# Forum

## Wavelength "modulation"

22 posts by 8 authors in: Forums > CWNA - Enterprise Wi-Fi Admin
Last Post: December 14, 2011:
• First of all, please excuse me if this is not the right place to post this comment. This said...
On CWNA's Study Guide, question 11 at page 24 asks about "[i]wave properties which can be modulated to encode data[/i]". There are 4 possible answers, Amplitude, Frequency, Phase and Wavelength.
On one hand, existing modulations are ASK, FSK and PSK. [i]WSK[/i] does nor exist.
OK then.
However, we all know that [b]c = Lf[/b], where [b]c[/b] is the speed of light in the medium, [b]L[/b] is wavelength and [b]f[/b] is frequency.
Since it would be pretty hard to modulate [b]c[/b] with our current earthling technology, I think that Wavelength is [i]implicitly[/i] modulated when using FSK. In other words, Wavelength can be modulated indeed.

That's why I reckon that all ABCD answers are correct.
Please correct me if I am wrong.

• Well we know AM and FM as Amplitude and Frequency modulation types. I also know of phase change modulation.

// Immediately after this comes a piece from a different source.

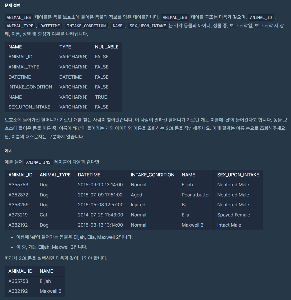 ANIMAL_TYPE이 DOG이면서 이름에 'el'이 들어가는 데이터를 조회해야 한다.
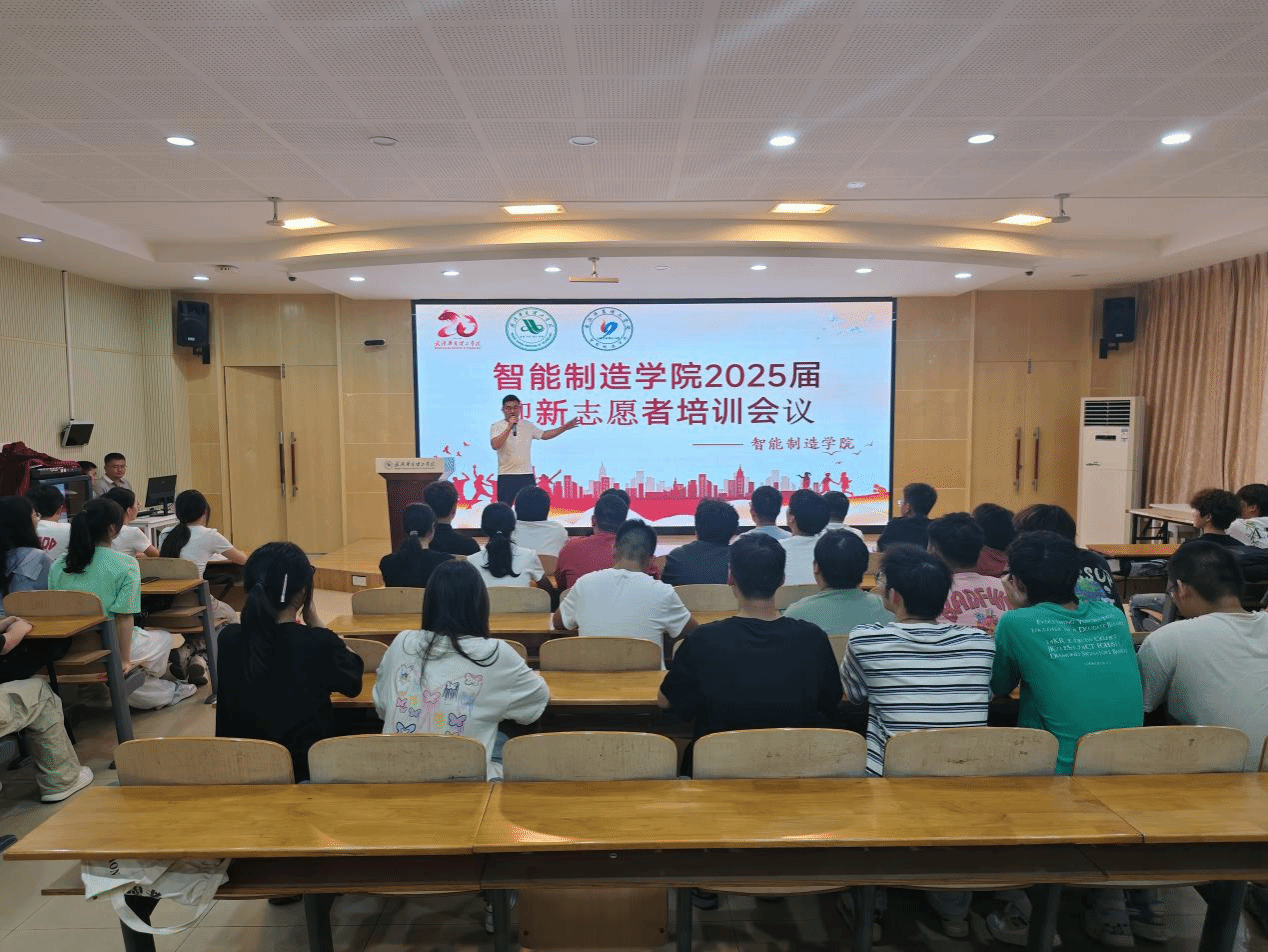为保障2025级新生迎新工作高效有序进行,9月6日中午,智能制造学院在2-201会议室召开迎新志愿者专题培训会议,全体迎新志愿者参会,学院相关负责人及学生干部参与。

I see what you are saying. If FM modulation is used then wavelength is changing also.
Wikipedia - [quote]For periodic waves, frequency has an inverse relationship to the concept of wavelength[/quote]

• There you go!
"[i]For periodic waves, frequency has an inverse relationship to the concept of wavelength[/i]" can be written as:

[b]f = c/L[/b] which is the very same formula I posted earlier.

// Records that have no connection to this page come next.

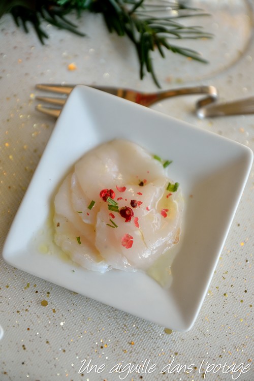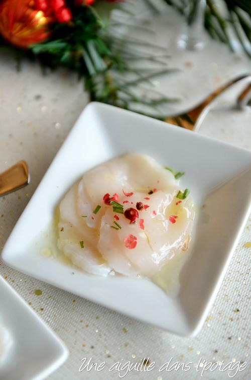 Aujourd’hui, je vous propose un carpaccio de St Jacques, un plat rapide à préparer, à servir en mise-en-bouche ou en entrée froide.
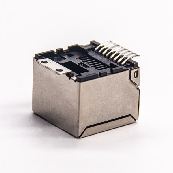 标签:RJ45插座,8P8C,单端口,1*1,直式180°,触头镀金,贴板,PCB板安装,带屏蔽,不带灯,不带滤波
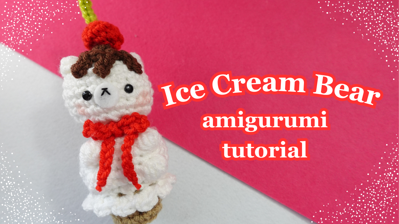 Leave long tail for sewing. Sew cherry to frosting using cherry’s tail. Attach frosting to bear’s head using frosting tail. Weave in all ends.

• I agree that when using Frequency modulation that changing wavelengths seems to be a result.

It also seems to me that to determine if a frequency modulation has taken place, the question would be "has the wavelength changed"? Frequency changes are a result of a change in wavelengths. One would not "Change the Frequency". One is actually changing the wavelength and the frequency changes as a result.

Just my opinion but I am not an expert.... yet. :-)

• from a nitpicky, argument for the sake of argument point of view, frequency modulation is wavelength modulation. the thing is, you are modulating about .4 percent of a wavelength with FSK

In practice wavelength is used to describe the nature of broad swaths of RF that behave in similar ways, and frequency is what is modulated with FSK. in ham radio, 420 - 450 mhz is known as the 70 CM band.

when the frequency is changed via FSK, it is changed the same amount whether channel 1 or channel 14 is used. if you measured this change in wavelength, there would be different changes for each channel, expressed as a tiny percentage

which is more realistic ( using numbers selected at random to demonstrate a point, not 802.11 specific numbers )

Channel Center Frequency + and - 100 mhz

or

.0024 - .0026 wavelength ( Channel 1 )
.0023995 - .0025995 ( Channel 2 )

so if you just have to be right in a smirking teenager who thinks he is cool because he can prove that adults aren't always right kind of way, yes.

• By (Deleted User)

Yep, I agree. While making edits to the existing book, I submitted this comment to the authors a few weeks ago. Will be updated in next version.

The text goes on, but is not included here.